**Activity:** In the listing below, find the line containing "Back pack, folding" and the line containing "莫道桑榆晚,為霞尚滿天。9月", then copy exactly everything from the first through the second, except the pictures.

**Records for processing:**
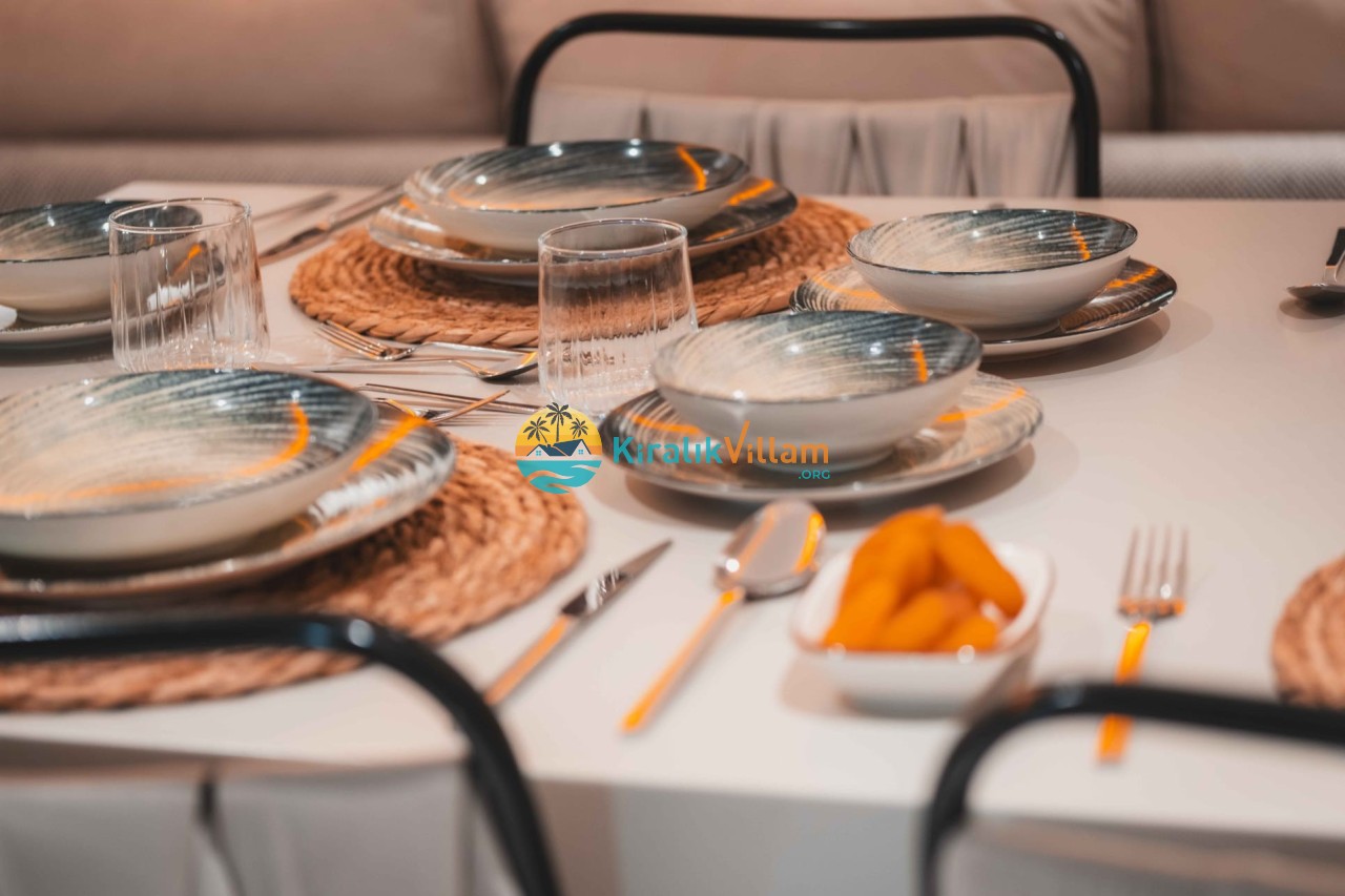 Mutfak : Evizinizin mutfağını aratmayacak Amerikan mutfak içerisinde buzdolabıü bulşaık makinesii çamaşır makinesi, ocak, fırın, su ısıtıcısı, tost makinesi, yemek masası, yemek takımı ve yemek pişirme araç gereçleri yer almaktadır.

...

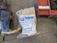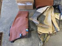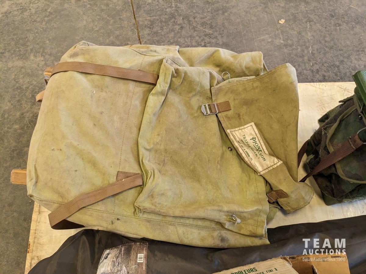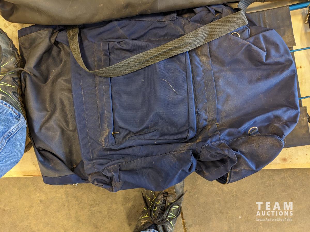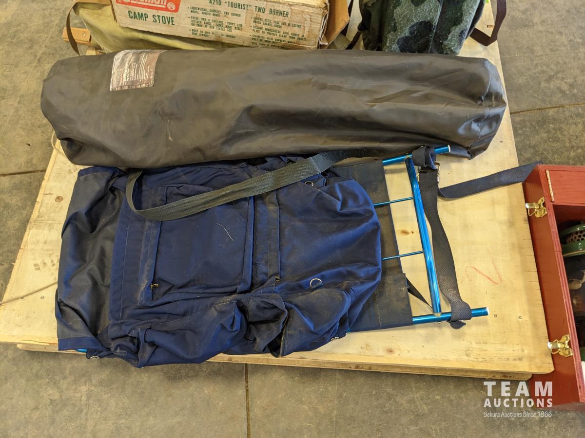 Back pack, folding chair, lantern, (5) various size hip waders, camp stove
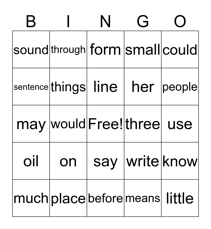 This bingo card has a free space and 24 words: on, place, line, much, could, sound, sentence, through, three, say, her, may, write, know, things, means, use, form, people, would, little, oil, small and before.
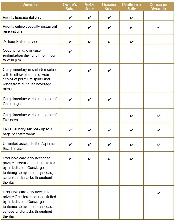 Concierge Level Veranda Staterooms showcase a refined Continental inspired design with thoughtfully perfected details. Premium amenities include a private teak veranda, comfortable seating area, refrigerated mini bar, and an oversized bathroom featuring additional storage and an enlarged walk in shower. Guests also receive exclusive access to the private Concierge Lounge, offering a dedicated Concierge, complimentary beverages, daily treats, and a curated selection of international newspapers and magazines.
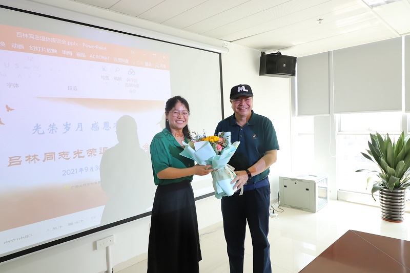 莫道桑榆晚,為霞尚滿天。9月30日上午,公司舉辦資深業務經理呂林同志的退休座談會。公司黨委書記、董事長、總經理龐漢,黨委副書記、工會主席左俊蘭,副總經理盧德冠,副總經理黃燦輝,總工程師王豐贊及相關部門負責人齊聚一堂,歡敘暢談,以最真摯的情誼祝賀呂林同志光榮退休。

--

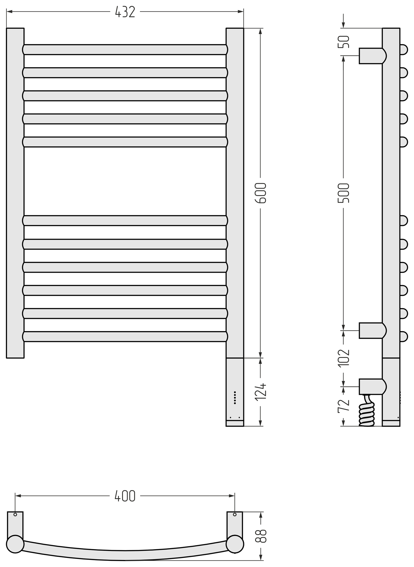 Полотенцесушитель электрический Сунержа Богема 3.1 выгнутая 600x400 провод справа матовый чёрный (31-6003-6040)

**Task answer:**
 Back pack, folding chair, lantern, (5) various size hip waders, camp stove
 This bingo card has a free space and 24 words: on, place, line, much, could, sound, sentence, through, three, say, her, may, write, know, things, means, use, form, people, would, little, oil, small and before.
 Concierge Level Veranda Staterooms showcase a refined Continental inspired design with thoughtfully perfected details. Premium amenities include a private teak veranda, comfortable seating area, refrigerated mini bar, and an oversized bathroom featuring additional storage and an enlarged walk in shower. Guests also receive exclusive access to the private Concierge Lounge, offering a dedicated Concierge, complimentary beverages, daily treats, and a curated selection of international newspapers and magazines.
 莫道桑榆晚,為霞尚滿天。9月30日上午,公司舉辦資深業務經理呂林同志的退休座談會。公司黨委書記、董事長、總經理龐漢,黨委副書記、工會主席左俊蘭,副總經理盧德冠,副總經理黃燦輝,總工程師王豐贊及相關部門負責人齊聚一堂,歡敘暢談,以最真摯的情誼祝賀呂林同志光榮退休。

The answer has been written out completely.